(Items from a dataset)
——

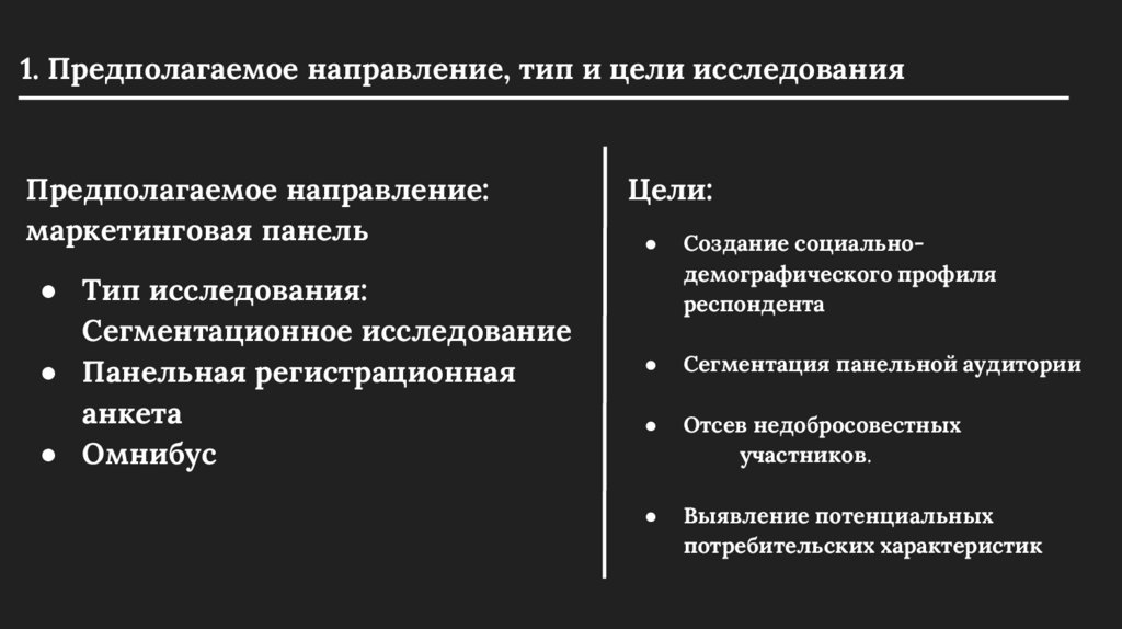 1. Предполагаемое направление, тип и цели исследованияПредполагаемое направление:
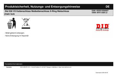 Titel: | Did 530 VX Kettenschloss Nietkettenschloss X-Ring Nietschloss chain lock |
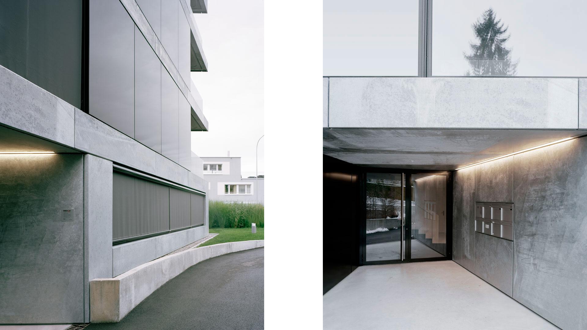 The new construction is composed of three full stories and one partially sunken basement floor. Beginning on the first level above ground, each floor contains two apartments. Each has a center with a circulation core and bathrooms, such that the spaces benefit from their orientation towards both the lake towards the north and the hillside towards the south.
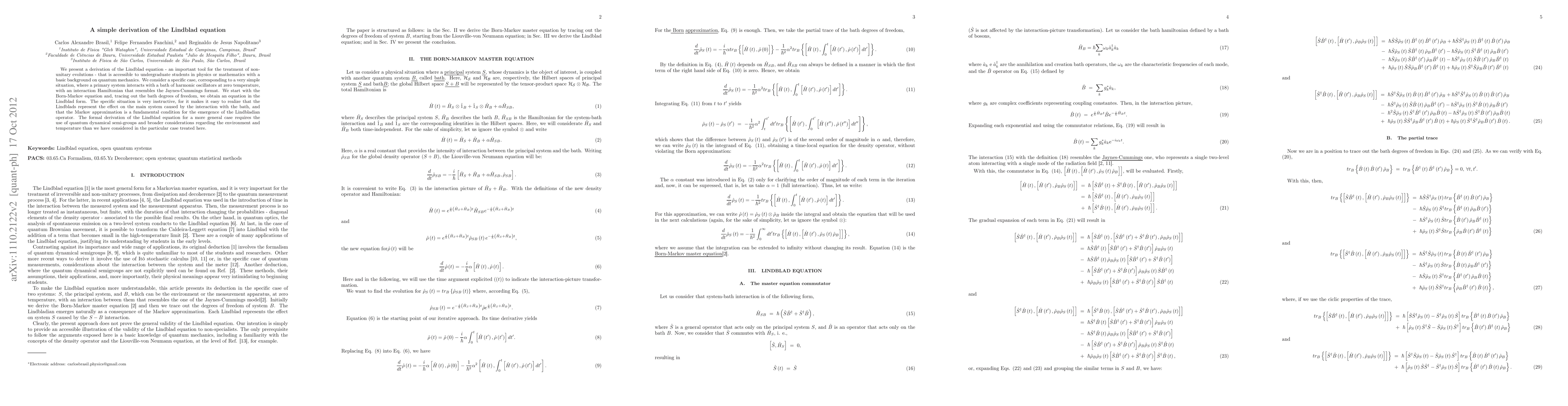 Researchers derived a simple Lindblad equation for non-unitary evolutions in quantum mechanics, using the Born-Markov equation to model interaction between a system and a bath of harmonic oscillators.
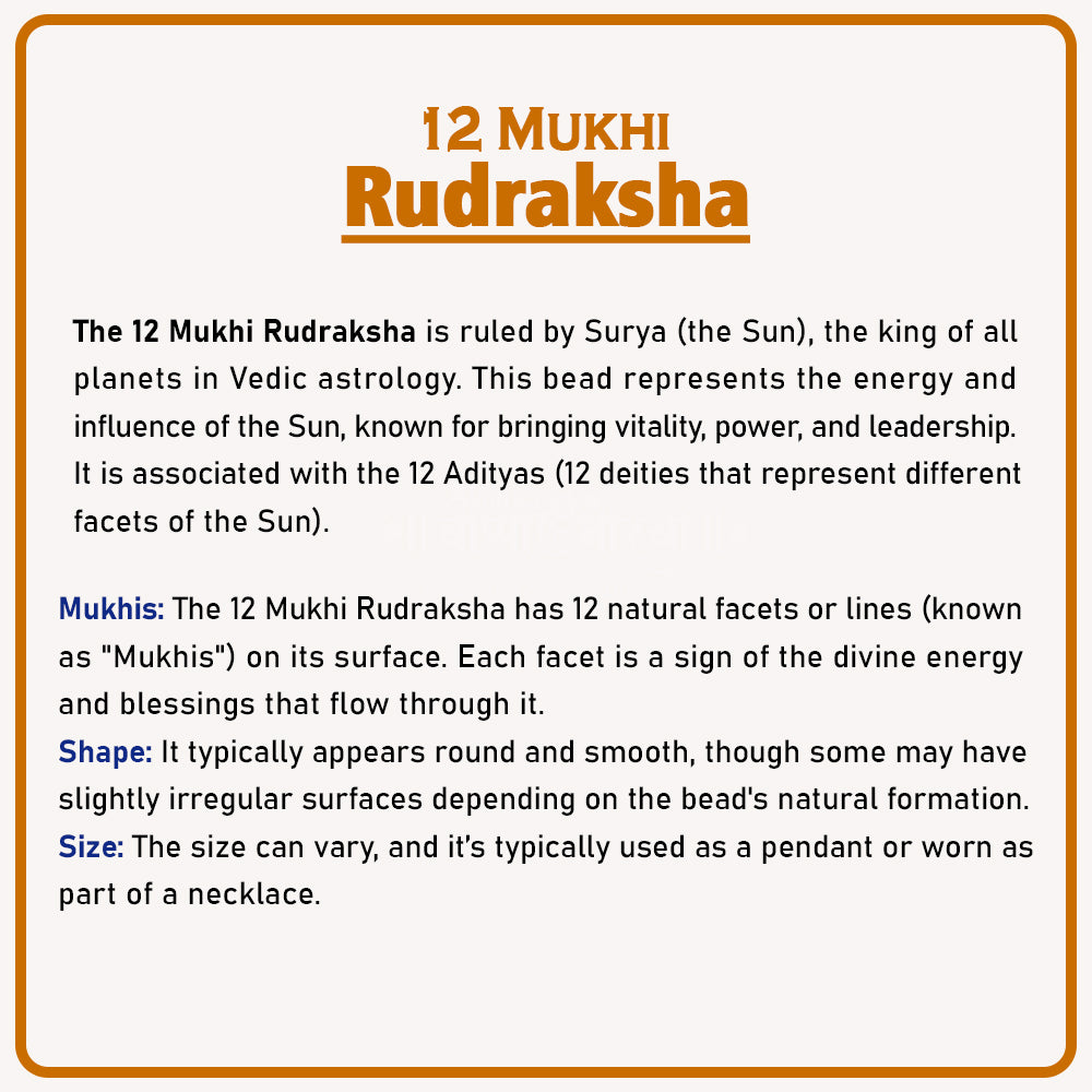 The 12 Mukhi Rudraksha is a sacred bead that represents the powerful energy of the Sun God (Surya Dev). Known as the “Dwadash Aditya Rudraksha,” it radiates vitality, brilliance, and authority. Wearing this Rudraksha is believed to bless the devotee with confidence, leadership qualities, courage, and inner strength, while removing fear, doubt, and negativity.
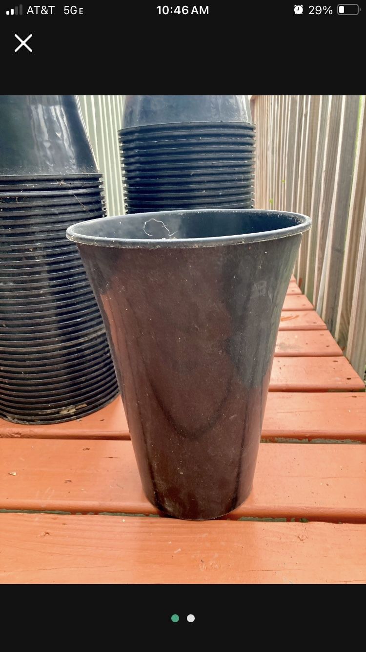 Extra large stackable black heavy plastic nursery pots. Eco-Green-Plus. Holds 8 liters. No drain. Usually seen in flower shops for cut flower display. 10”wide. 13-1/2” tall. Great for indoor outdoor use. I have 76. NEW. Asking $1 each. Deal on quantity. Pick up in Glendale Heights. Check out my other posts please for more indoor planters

——

Action item -
Every line from the one containing "The new construction" through the last line of the records is to be reproduced exactly, with pictures left out and nothing else given.

Written reply -
 The new construction is composed of three full stories and one partially sunken basement floor. Beginning on the first level above ground, each floor contains two apartments. Each has a center with a circulation core and bathrooms, such that the spaces benefit from their orientation towards both the lake towards the north and the hillside towards the south.
 Researchers derived a simple Lindblad equation for non-unitary evolutions in quantum mechanics, using the Born-Markov equation to model interaction between a system and a bath of harmonic oscillators.
 The 12 Mukhi Rudraksha is a sacred bead that represents the powerful energy of the Sun God (Surya Dev). Known as the “Dwadash Aditya Rudraksha,” it radiates vitality, brilliance, and authority. Wearing this Rudraksha is believed to bless the devotee with confidence, leadership qualities, courage, and inner strength, while removing fear, doubt, and negativity.
 Extra large stackable black heavy plastic nursery pots. Eco-Green-Plus. Holds 8 liters. No drain. Usually seen in flower shops for cut flower display. 10”wide. 13-1/2” tall. Great for indoor outdoor use. I have 76. NEW. Asking $1 each. Deal on quantity. Pick up in Glendale Heights. Check out my other posts please for more indoor planters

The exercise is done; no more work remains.